◆ GIVEN DATA:
.....
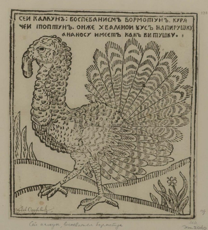 Индюк - индейский петух. Лубок XVIII века
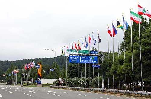 계룡IC 진입로에 지원국 37개국 국기게양, 국방도시 계룡 위상 제고
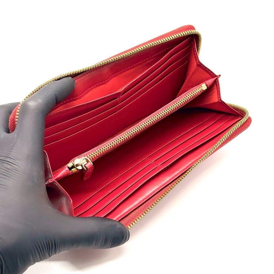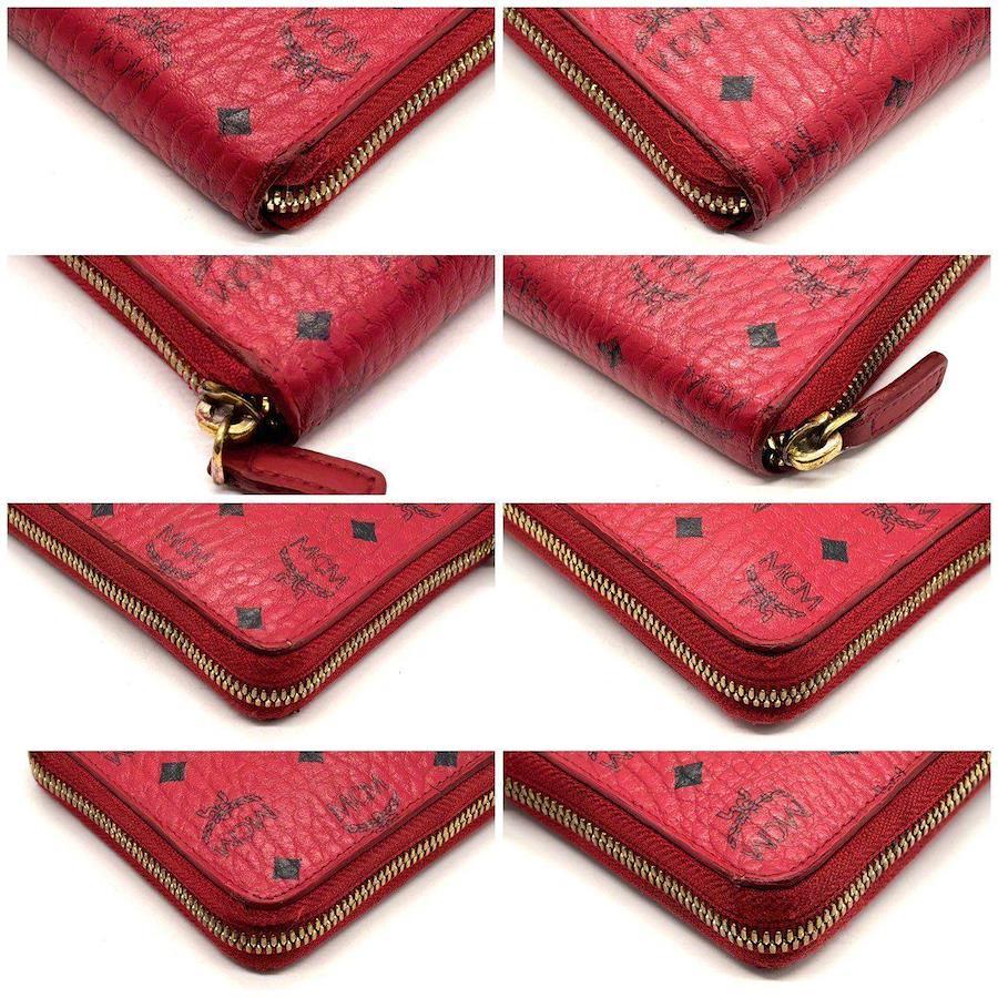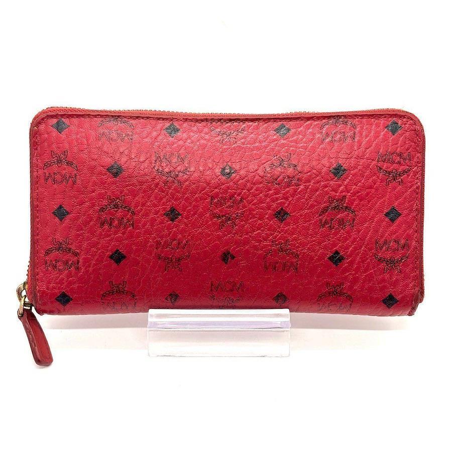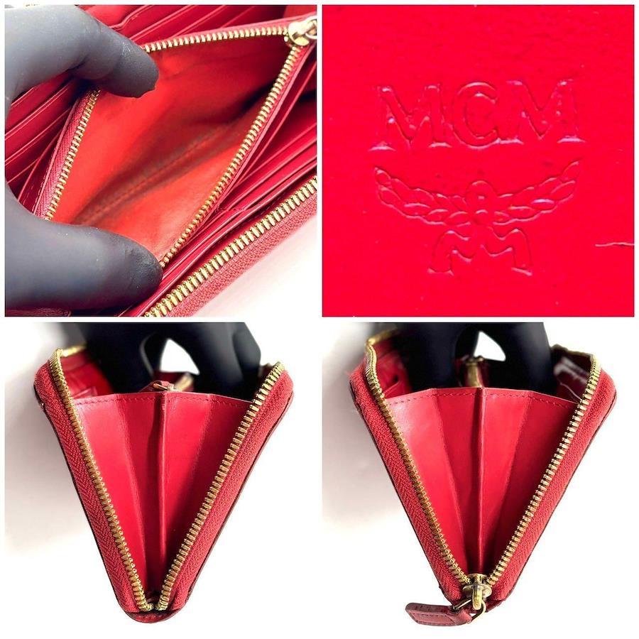 MCM Women's Long Wallet with Zip-Around Design, Red Leather, Visetos Pattern, All-Over Logo Print, 12 Cards
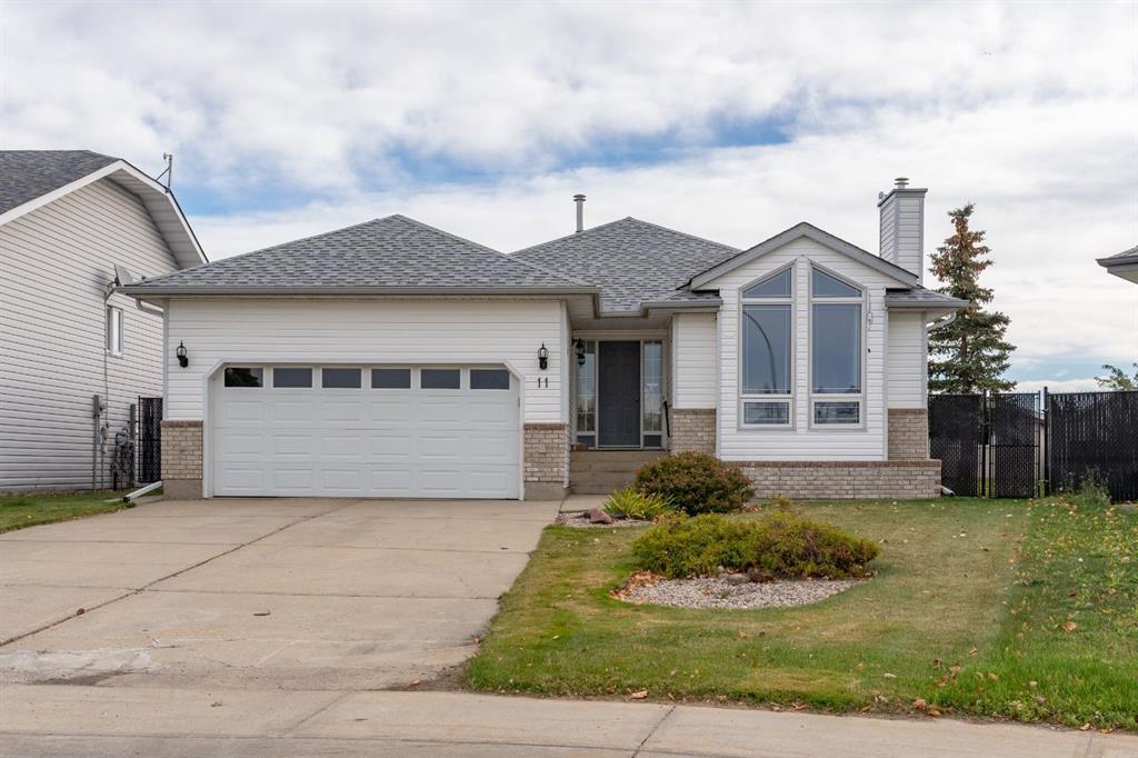 Welcome Home to 11 Lafond Dr in Tofield. This early 90's built home is mint with a great location and oversized yard. Walking distance to 2 schools, Tofield Arena, Spray Park and located directly across from a playground and green space. This quiet cul de sac gives an extra large, fully fenced, pie shaped lot with back lane RV Access plus a Double Attached Heated Garage and Single Detached Rear Garage with gas r/i. Quality Bungalow with wonderful features - hardwood flooring, gas fireplace, triple pane windows, AC, vaulted living room ceiling and it comes fully finished! Large living room with bright floor to ceiling windows and shares in space with a dining room. Pass through to the kitchen with beautiful oak cabinetry, coffee bar/pantry area plus a dinette with full view in the back yard. 2 main floor bedrooms - Primary sees large double closets with 2pc ensuite - 2nd has roughed in laundry for future use if needs - all tied together with a 4pc main bath. Basement comes fully finished with a large family room with r/i bar area, 2 more bedrooms, 3pc bath and good utility room with laundry. Attached Double Garage wth Radiant Heat, hot/cold taps and central vac. Large yard with handy shed, full chain link fencing, raised 14x21/12x12 no maintenance deck, RV option and a 14x23 detached garage with gas rough-in. This incredible home is available with immediate possession!
.....
◆ EXERCISE: Reproduce the data above exactly, but only from the line containing "계룡IC 진입로에 지원국 37개국 국기게양, 국방도시 계룡 위상 제고" through the line containing "MCM Women's Long"; skip the pictures.

◆ COMPLETED EXERCISE:
 계룡IC 진입로에 지원국 37개국 국기게양, 국방도시 계룡 위상 제고
 MCM Women's Long Wallet with Zip-Around Design, Red Leather, Visetos Pattern, All-Over Logo Print, 12 Cards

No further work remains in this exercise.